- [PROBLEM DESCRIPTION]:
Going line by line through the records below, write out everything starting with the line containing "Астрадез Стабил +" and going on through the line containing "Housse de coussin", exactly and inclusively. Pictures do not go in.

- [EXTRACTED INFORMATION]:
--------------------------------

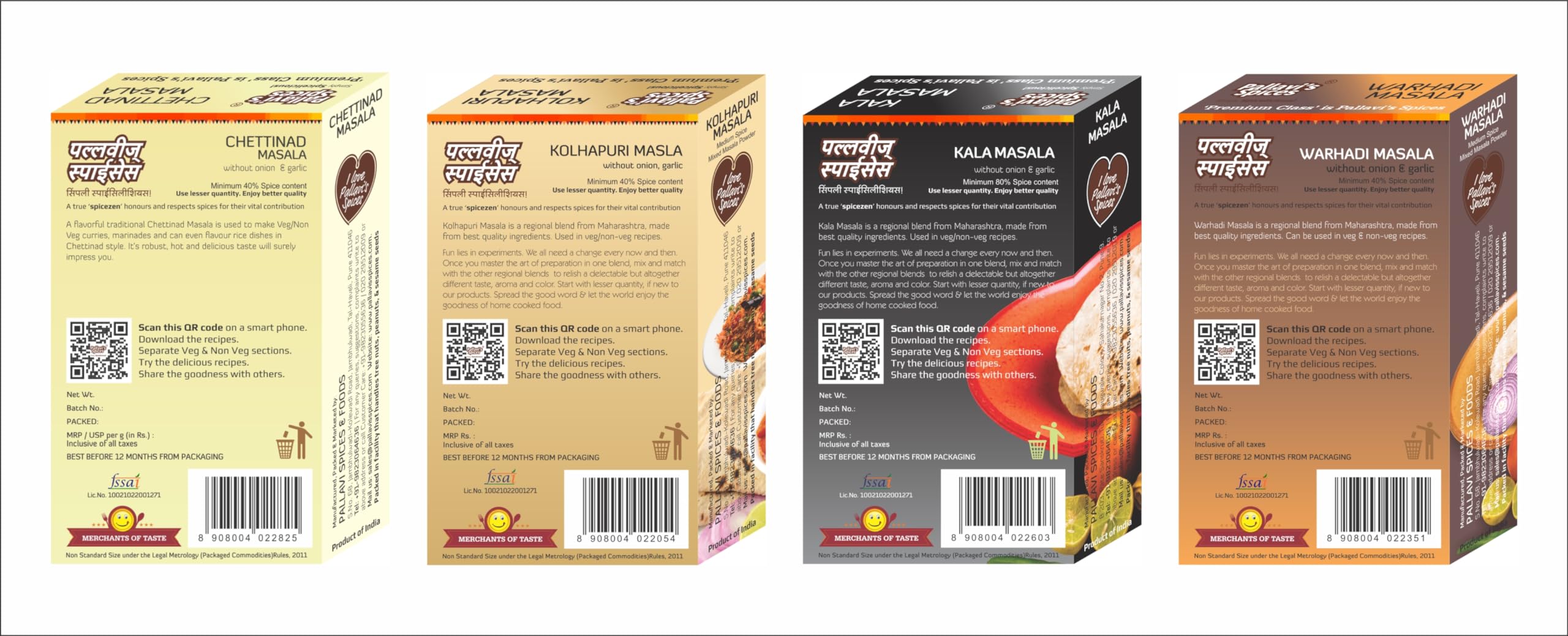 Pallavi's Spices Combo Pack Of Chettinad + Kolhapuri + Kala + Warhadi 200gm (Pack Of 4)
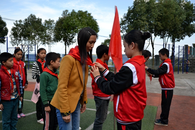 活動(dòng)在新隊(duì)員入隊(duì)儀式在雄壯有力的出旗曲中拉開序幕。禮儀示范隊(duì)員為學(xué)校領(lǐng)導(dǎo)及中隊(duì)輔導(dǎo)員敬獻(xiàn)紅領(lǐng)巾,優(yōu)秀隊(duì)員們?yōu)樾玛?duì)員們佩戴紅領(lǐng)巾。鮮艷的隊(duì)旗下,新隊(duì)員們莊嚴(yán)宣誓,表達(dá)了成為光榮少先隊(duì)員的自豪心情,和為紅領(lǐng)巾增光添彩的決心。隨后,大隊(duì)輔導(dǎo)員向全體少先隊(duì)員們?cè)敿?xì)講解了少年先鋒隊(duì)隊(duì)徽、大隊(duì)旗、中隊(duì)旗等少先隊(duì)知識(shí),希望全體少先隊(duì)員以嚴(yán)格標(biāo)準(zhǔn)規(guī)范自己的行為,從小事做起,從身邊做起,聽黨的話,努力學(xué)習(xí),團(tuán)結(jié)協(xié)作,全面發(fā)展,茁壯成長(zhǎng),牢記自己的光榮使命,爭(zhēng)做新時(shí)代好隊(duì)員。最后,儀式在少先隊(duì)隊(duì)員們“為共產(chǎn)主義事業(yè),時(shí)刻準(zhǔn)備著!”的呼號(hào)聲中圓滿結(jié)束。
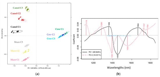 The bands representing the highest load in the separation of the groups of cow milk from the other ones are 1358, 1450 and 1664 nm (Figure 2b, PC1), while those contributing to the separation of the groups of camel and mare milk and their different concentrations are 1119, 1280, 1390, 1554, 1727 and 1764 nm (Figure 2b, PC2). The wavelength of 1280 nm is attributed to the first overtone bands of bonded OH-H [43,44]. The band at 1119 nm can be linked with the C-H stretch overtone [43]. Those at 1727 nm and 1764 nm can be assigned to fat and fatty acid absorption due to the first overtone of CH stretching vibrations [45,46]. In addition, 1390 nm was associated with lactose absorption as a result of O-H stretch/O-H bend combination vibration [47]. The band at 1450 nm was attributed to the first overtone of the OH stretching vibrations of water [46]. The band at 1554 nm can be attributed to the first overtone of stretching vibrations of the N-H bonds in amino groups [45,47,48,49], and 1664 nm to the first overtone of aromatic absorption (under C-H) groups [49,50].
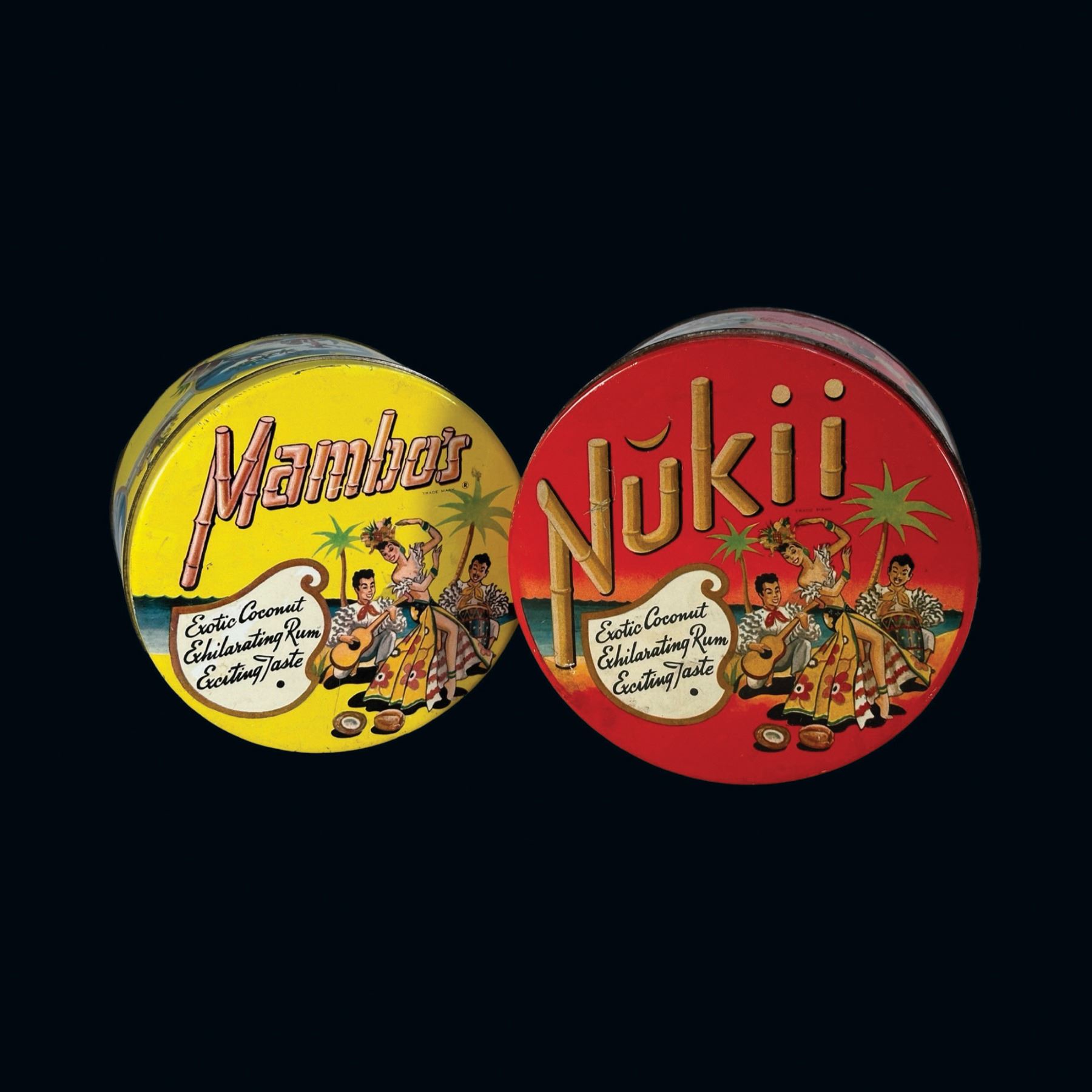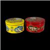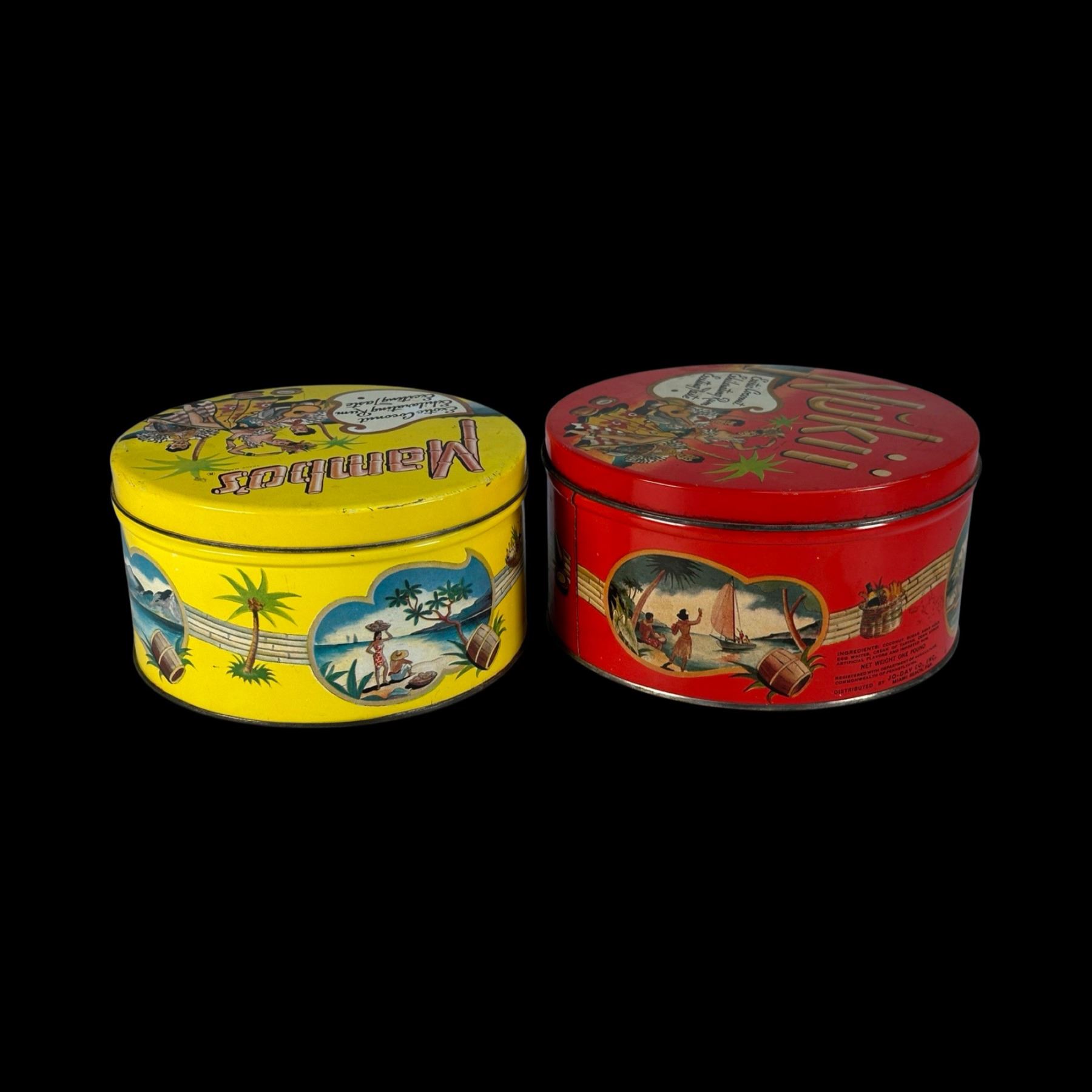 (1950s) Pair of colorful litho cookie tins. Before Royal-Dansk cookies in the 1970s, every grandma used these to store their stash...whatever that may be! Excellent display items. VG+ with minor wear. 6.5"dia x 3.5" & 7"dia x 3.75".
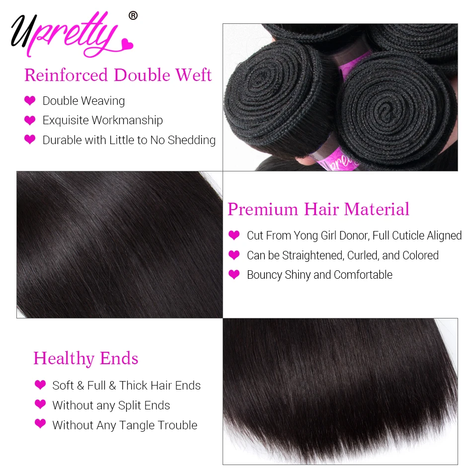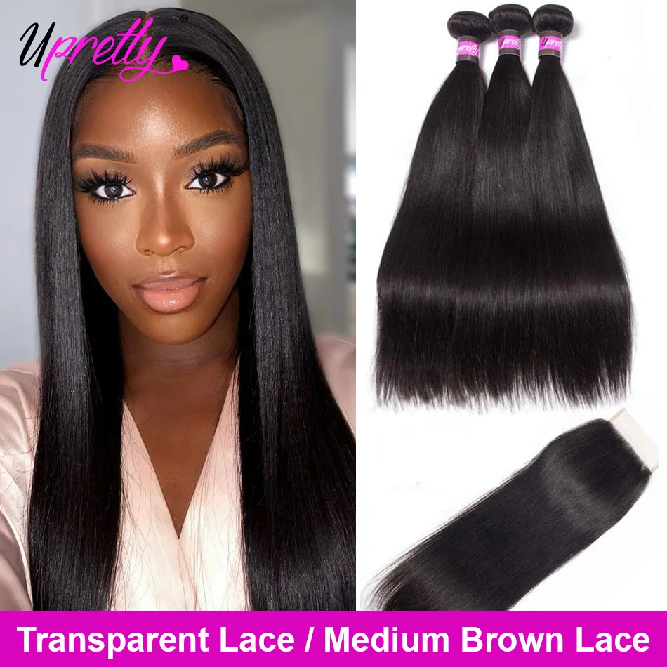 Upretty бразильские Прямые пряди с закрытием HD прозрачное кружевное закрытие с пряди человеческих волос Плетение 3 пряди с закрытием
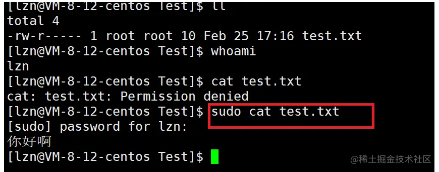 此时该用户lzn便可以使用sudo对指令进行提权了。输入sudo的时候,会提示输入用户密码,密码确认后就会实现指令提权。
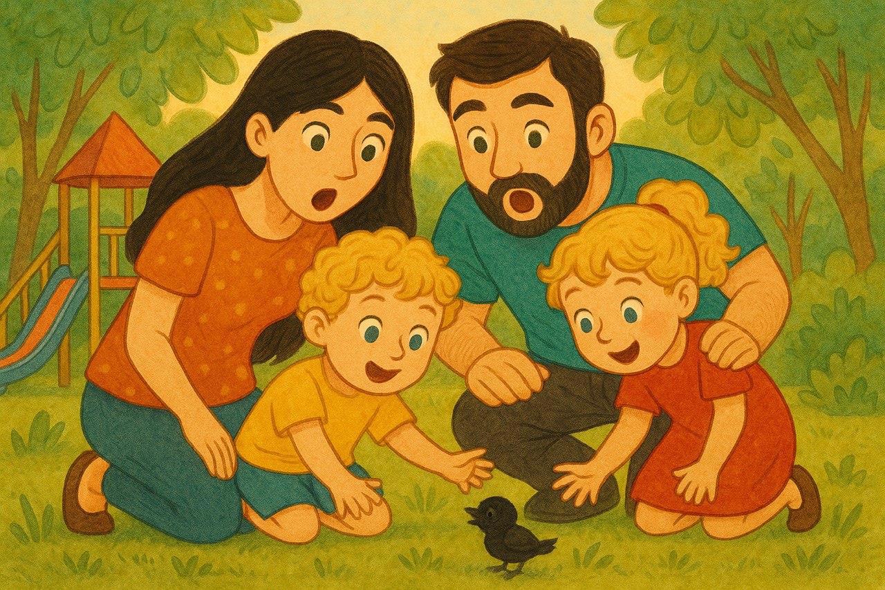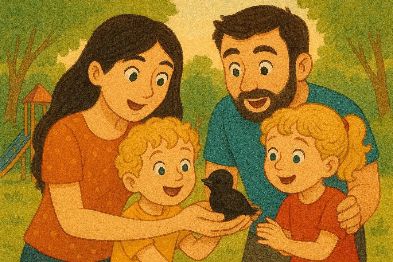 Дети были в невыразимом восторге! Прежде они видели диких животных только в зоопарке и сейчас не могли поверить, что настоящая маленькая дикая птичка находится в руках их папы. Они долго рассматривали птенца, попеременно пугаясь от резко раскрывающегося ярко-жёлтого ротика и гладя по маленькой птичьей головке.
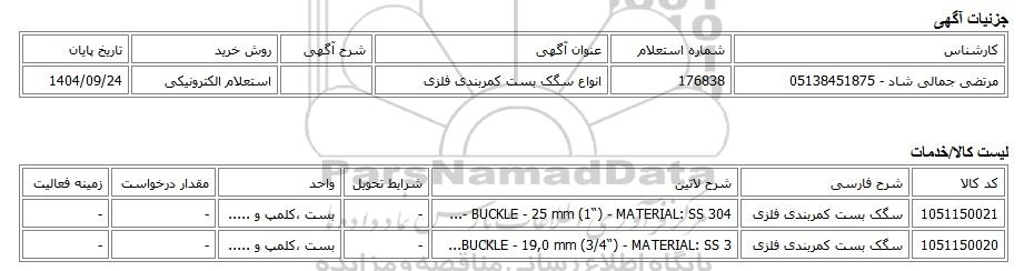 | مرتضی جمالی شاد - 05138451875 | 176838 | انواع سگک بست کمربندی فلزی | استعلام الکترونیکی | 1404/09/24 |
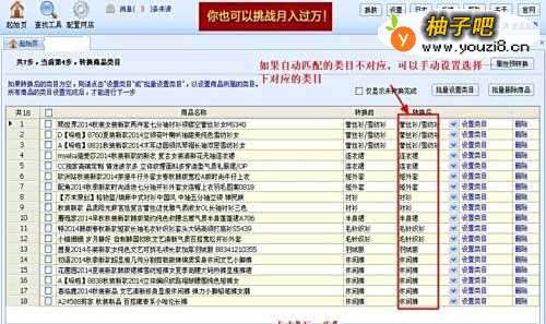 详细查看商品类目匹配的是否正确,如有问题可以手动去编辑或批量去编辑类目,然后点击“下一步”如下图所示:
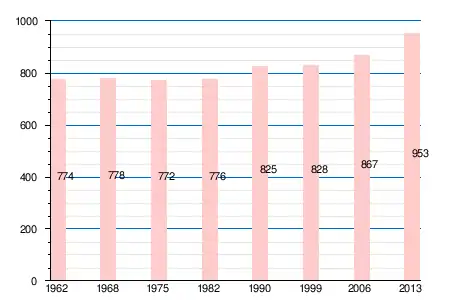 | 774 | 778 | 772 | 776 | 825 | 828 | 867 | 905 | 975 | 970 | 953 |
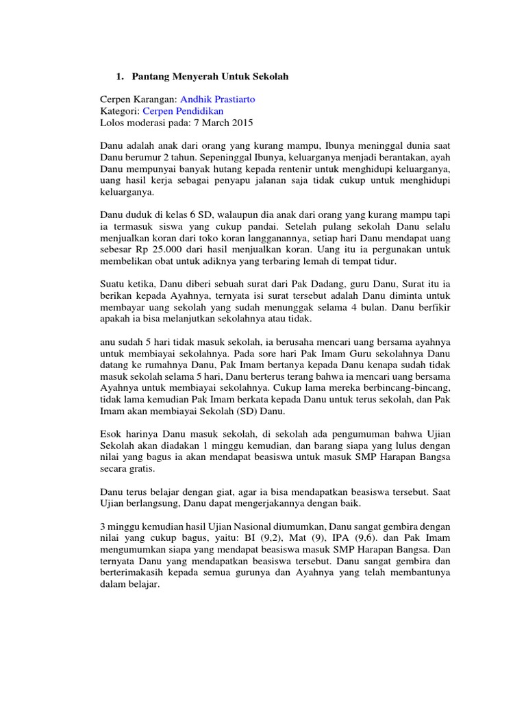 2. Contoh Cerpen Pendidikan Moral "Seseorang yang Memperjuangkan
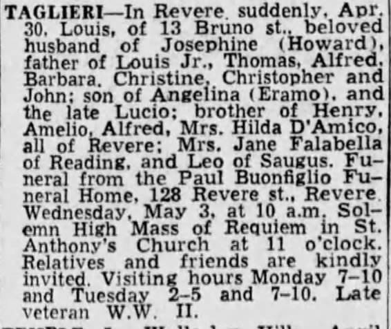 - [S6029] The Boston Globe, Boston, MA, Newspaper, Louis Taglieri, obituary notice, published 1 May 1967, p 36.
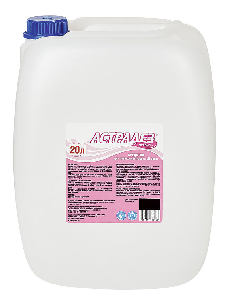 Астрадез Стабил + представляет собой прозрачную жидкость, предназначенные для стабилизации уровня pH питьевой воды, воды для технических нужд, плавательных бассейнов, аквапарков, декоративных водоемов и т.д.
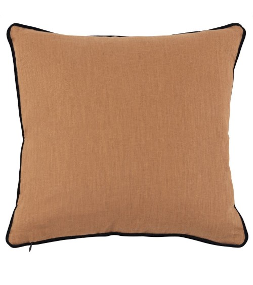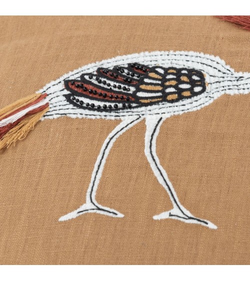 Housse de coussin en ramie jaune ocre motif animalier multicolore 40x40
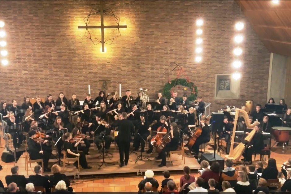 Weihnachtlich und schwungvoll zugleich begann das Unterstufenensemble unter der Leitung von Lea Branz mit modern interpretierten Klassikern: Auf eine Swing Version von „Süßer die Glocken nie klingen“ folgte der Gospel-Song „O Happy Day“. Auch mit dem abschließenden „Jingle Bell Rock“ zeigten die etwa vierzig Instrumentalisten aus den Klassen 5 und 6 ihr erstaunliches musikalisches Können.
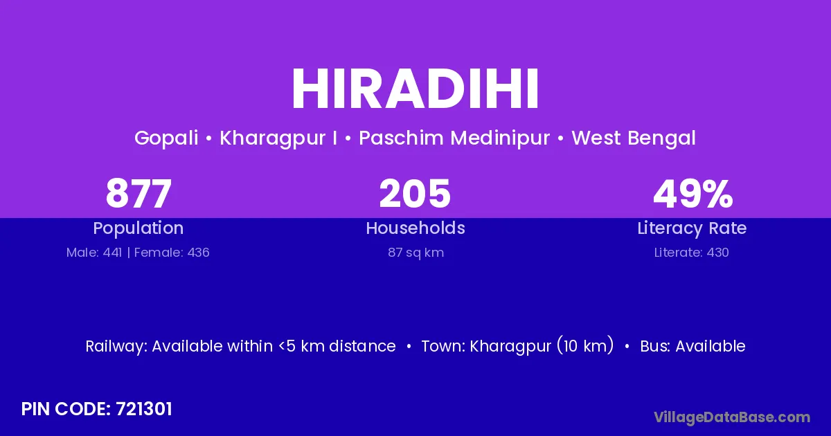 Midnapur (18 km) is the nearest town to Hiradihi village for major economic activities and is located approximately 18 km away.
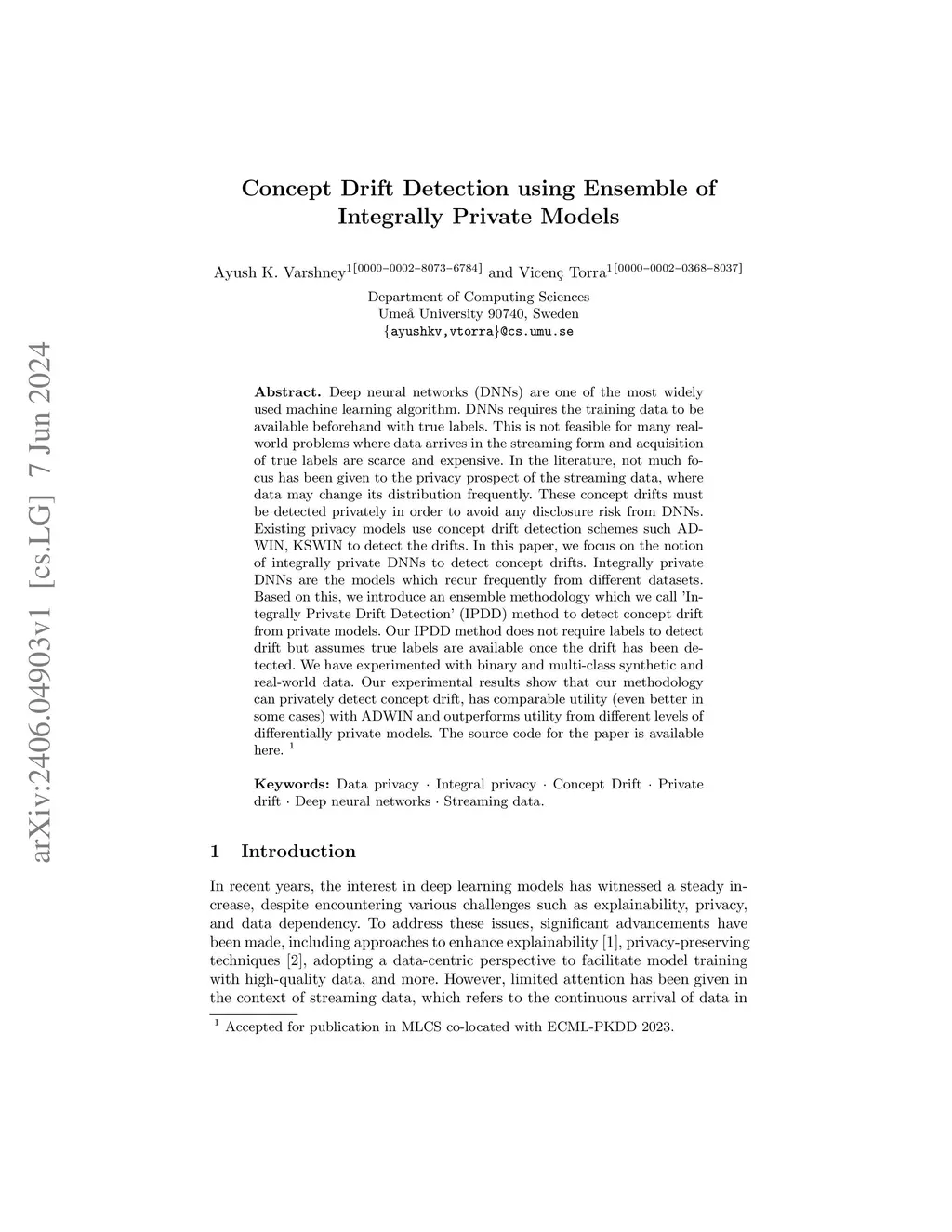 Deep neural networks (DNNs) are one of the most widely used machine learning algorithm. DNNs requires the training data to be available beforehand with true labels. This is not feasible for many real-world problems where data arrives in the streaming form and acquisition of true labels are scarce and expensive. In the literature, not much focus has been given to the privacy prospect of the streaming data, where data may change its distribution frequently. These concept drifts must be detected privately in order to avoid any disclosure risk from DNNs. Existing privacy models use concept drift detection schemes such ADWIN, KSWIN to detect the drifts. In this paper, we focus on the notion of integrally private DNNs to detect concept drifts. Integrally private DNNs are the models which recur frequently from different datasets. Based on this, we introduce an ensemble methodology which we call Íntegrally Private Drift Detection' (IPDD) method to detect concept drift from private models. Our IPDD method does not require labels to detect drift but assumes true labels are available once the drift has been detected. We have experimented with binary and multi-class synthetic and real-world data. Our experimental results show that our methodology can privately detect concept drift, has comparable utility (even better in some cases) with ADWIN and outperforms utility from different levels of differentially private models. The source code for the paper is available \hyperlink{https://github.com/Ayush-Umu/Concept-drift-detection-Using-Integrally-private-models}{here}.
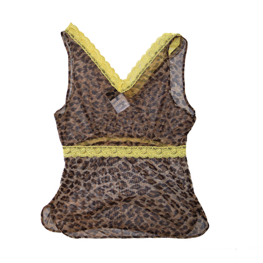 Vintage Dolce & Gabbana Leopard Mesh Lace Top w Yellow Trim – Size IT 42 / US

--------------------------------

- [RESULT FOR THIS TASK]:
 Астрадез Стабил + представляет собой прозрачную жидкость, предназначенные для стабилизации уровня pH питьевой воды, воды для технических нужд, плавательных бассейнов, аквапарков, декоративных водоемов и т.д.
 Housse de coussin en ramie jaune ocre motif animalier multicolore 40x40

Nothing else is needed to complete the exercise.